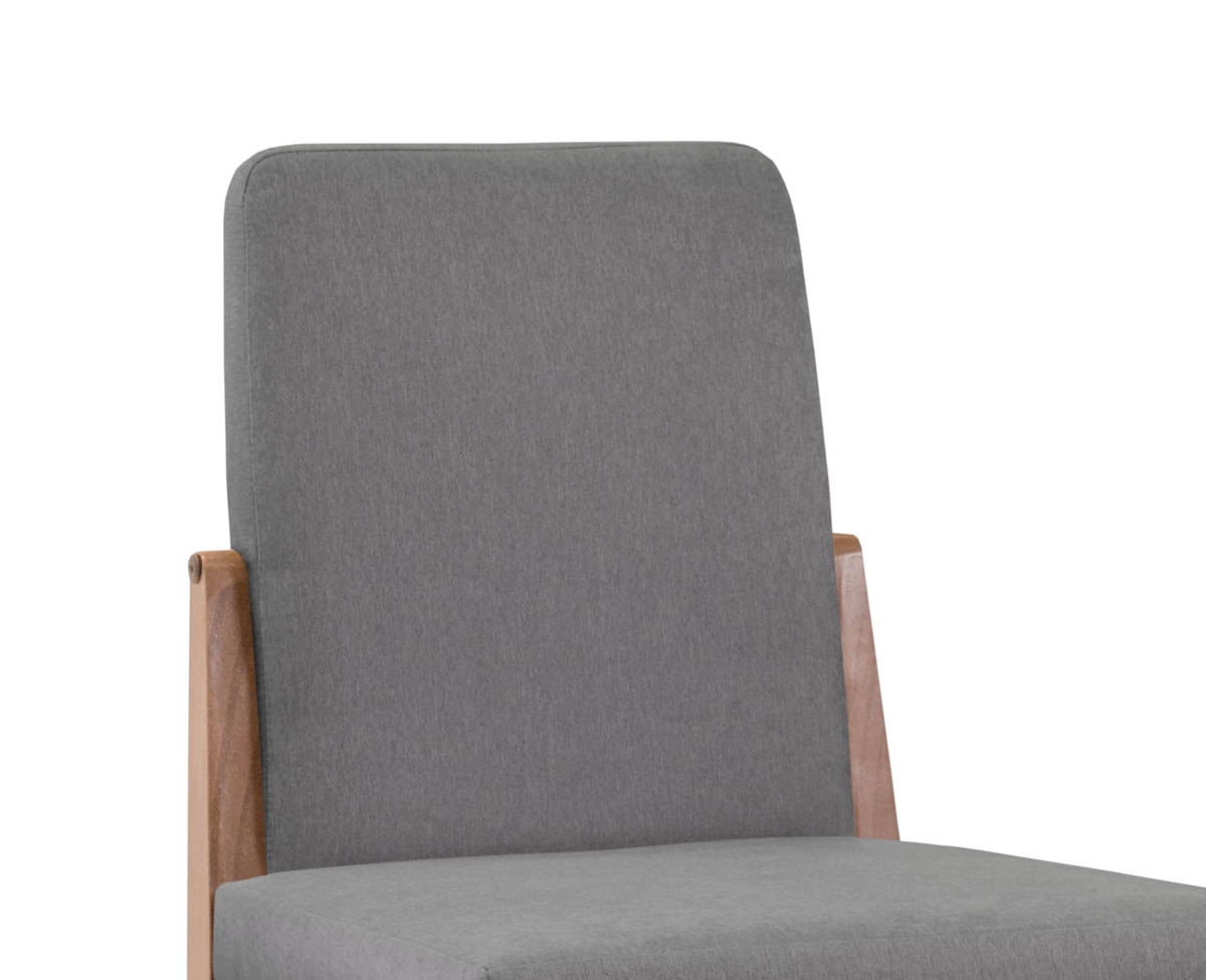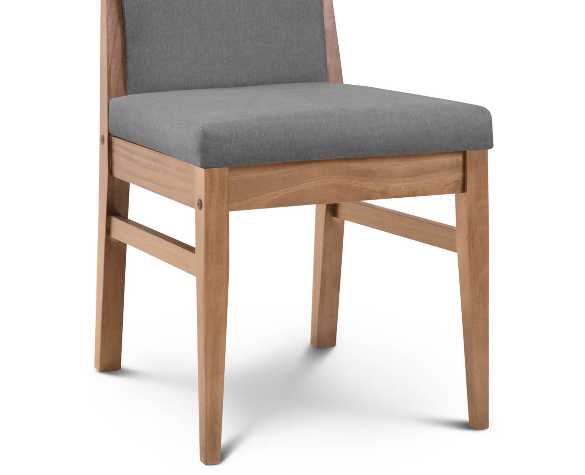 Silla fabricada en madera maciza de Pino Clear. Tapizada con tela Sunny.
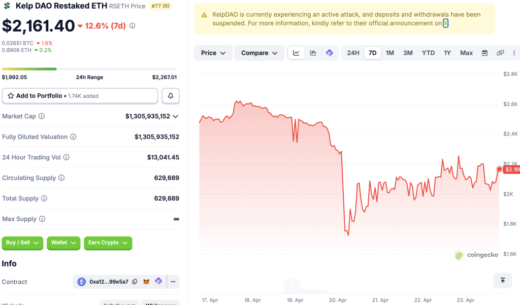 April 23 marked the third straight day KelpDAO’s liquid restaked token (LRT), rsETH, failed to maintain its peg to ether ( $ETH). However, Coingecko data shows that rsETH, which traded at a premium until April 20, has narrowed the gap with $ETH to between $150 and $200. Shortly after a KelpDAO breach by suspected North Korea-backed hackers, rsETH plunged from $2,404 to $1,723. In contrast, $ETH stood at $2,270 at the time, a difference of more than $540.
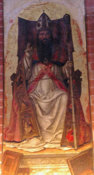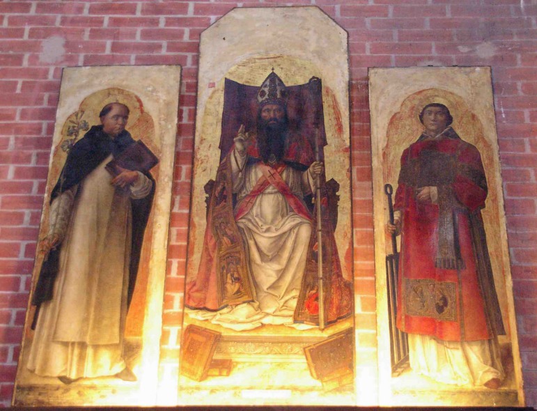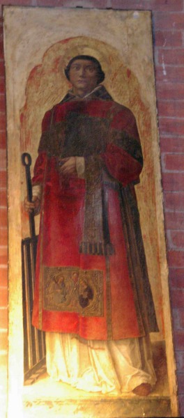 Ce grand polyptyque contenait dix panneaux dans trois niveaux. Saint Augustin (191 x 69) est signé et daté 1473. Il au centre du niveau principal, où il était entre les panneaux de Saint Marc et Saint Jean le Baptiste. Les panneaux légèrement plus petits ( 158 x 56) de Saint Dominique et le Saint Laurent appartenaient au deuxième niveau, où ils entouraient une Vierge à l'enfant. Le troisième niveau contenait quatre médaillons de saints. Le polyptyque a été démembré au dix-neuvième siècle.
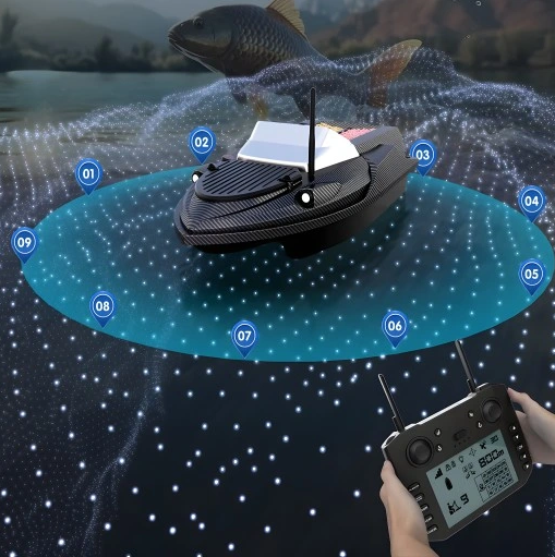 Funkcja GPS pozwala łatwo sterować łódką do wybranych punktów na zbiorniku wodnym.
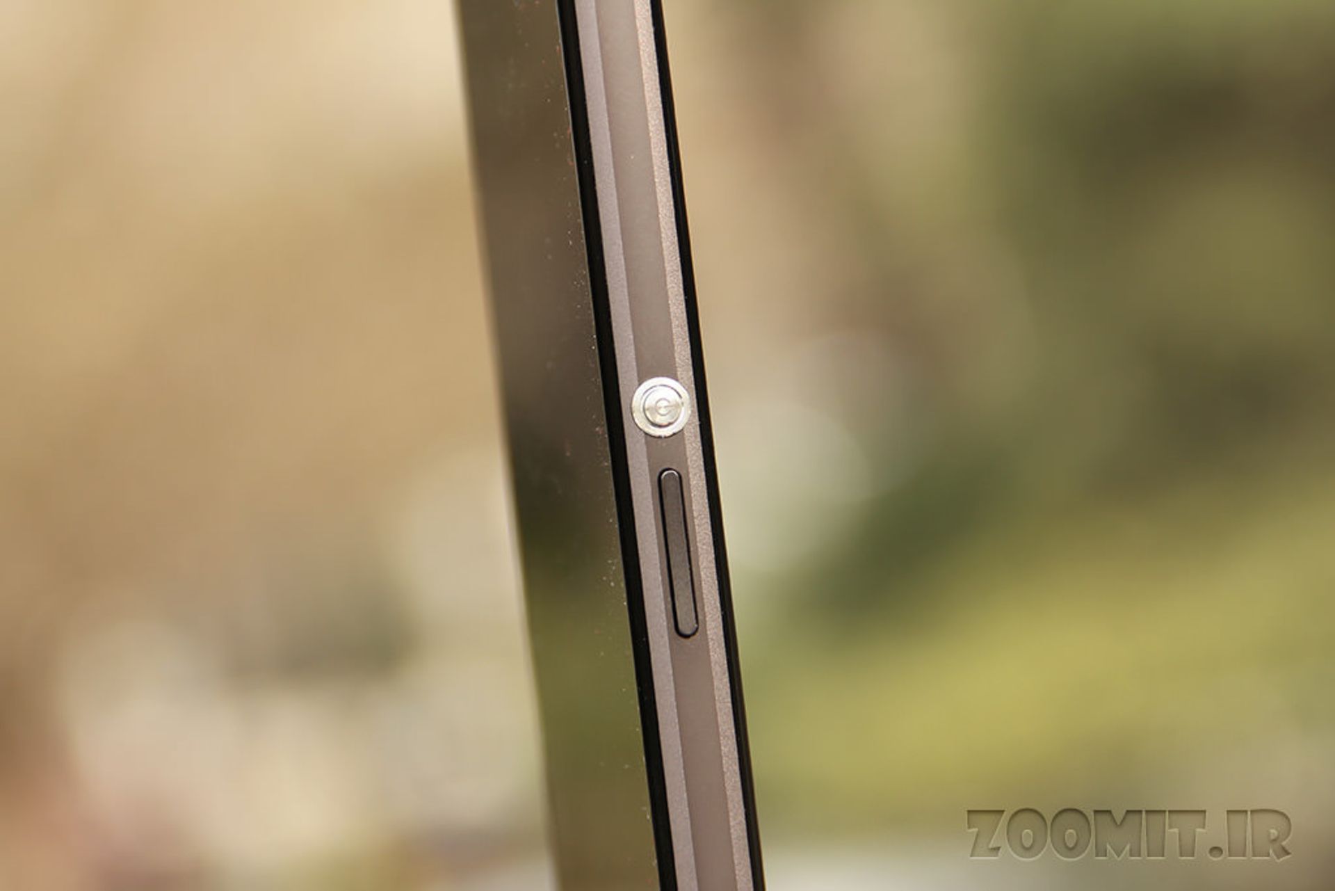 در لبه سمت راست دکمه پاور/قفل فلزی قرار گرفته که کمی سفت و محکم است و برای باز کردن قفل نمایشگر باید آن را کمی محکمتر از سایر گوشیها بفشارید. در زیر آن دکمه تغییر حجم صدا و کمی پایینتر نیز دکمه اختصاصی دوربین قرار گرفته است.
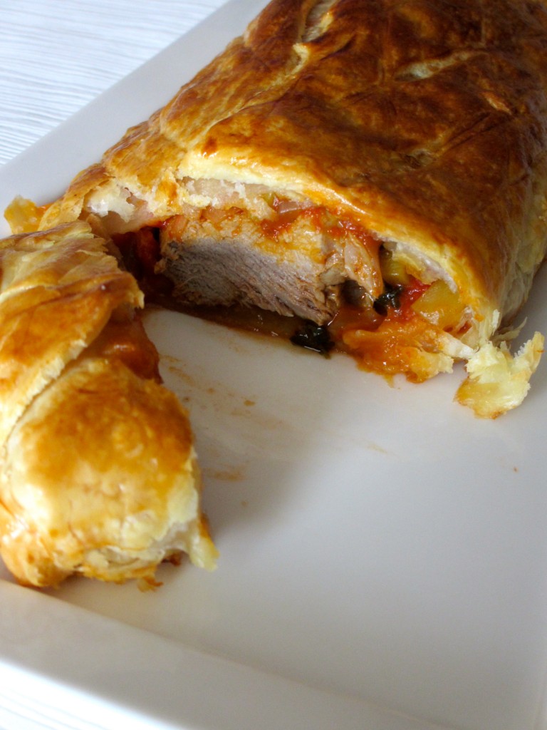 filet mignon, filet mignon en croûte, légumes, ratatouille, pâte feuilletée, oignon persil, courgette, tomate, poivron, brunoise
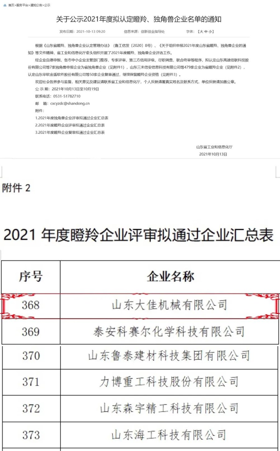 Source: TBBView: 133On October 13, the Shandong Provincial Department of Industry and Information Technology released the 2021 list of certified Gazelle and Unicorn Enterprises. Shandong Tobetter Machinery Co., Ltd. has been officially recognized as a Provincial Gazelle Enterprise!
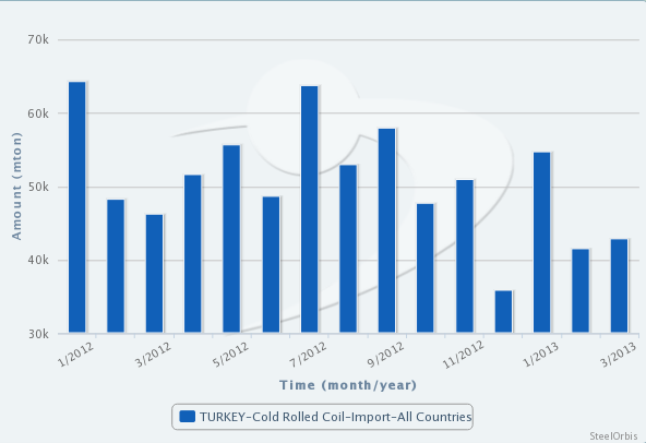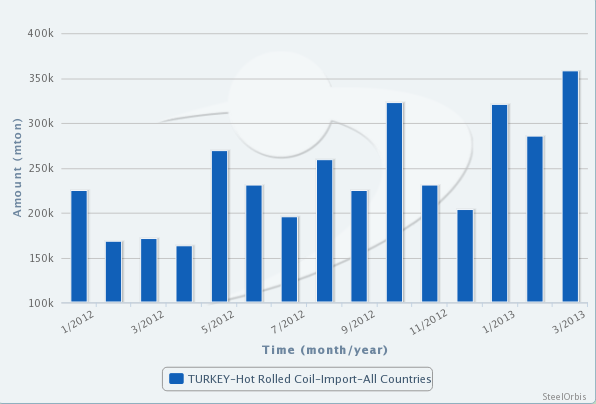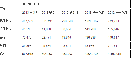 根据土耳其统计局公布的数据,今年3月,土耳其扁平材(包括热轧、冷轧、彩涂和窄带钢)进口量为567,015吨,环比增长22%,同比增60.5%;进口总值达3.78亿美元,环比增加22.8%,同比增加41.9%。
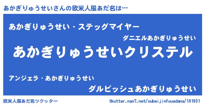 | 意味不明あだ名 | 『あかぎりゅうせいフォーエバー』 |

- What you need to do -
Please retype the records above exactly, leaving every image out.

- Response box -
 Silla fabricada en madera maciza de Pino Clear. Tapizada con tela Sunny.
 April 23 marked the third straight day KelpDAO’s liquid restaked token (LRT), rsETH, failed to maintain its peg to ether ( $ETH). However, Coingecko data shows that rsETH, which traded at a premium until April 20, has narrowed the gap with $ETH to between $150 and $200. Shortly after a KelpDAO breach by suspected North Korea-backed hackers, rsETH plunged from $2,404 to $1,723. In contrast, $ETH stood at $2,270 at the time, a difference of more than $540.
 Ce grand polyptyque contenait dix panneaux dans trois niveaux. Saint Augustin (191 x 69) est signé et daté 1473. Il au centre du niveau principal, où il était entre les panneaux de Saint Marc et Saint Jean le Baptiste. Les panneaux légèrement plus petits ( 158 x 56) de Saint Dominique et le Saint Laurent appartenaient au deuxième niveau, où ils entouraient une Vierge à l'enfant. Le troisième niveau contenait quatre médaillons de saints. Le polyptyque a été démembré au dix-neuvième siècle.
 Funkcja GPS pozwala łatwo sterować łódką do wybranych punktów na zbiorniku wodnym.
 در لبه سمت راست دکمه پاور/قفل فلزی قرار گرفته که کمی سفت و محکم است و برای باز کردن قفل نمایشگر باید آن را کمی محکمتر از سایر گوشیها بفشارید. در زیر آن دکمه تغییر حجم صدا و کمی پایینتر نیز دکمه اختصاصی دوربین قرار گرفته است.
 filet mignon, filet mignon en croûte, légumes, ratatouille, pâte feuilletée, oignon persil, courgette, tomate, poivron, brunoise
 Source: TBBView: 133On October 13, the Shandong Provincial Department of Industry and Information Technology released the 2021 list of certified Gazelle and Unicorn Enterprises. Shandong Tobetter Machinery Co., Ltd. has been officially recognized as a Provincial Gazelle Enterprise!
 根据土耳其统计局公布的数据,今年3月,土耳其扁平材(包括热轧、冷轧、彩涂和窄带钢)进口量为567,015吨,环比增长22%,同比增60.5%;进口总值达3.78亿美元,环比增加22.8%,同比增加41.9%。
 | 意味不明あだ名 | 『あかぎりゅうせいフォーエバー』 |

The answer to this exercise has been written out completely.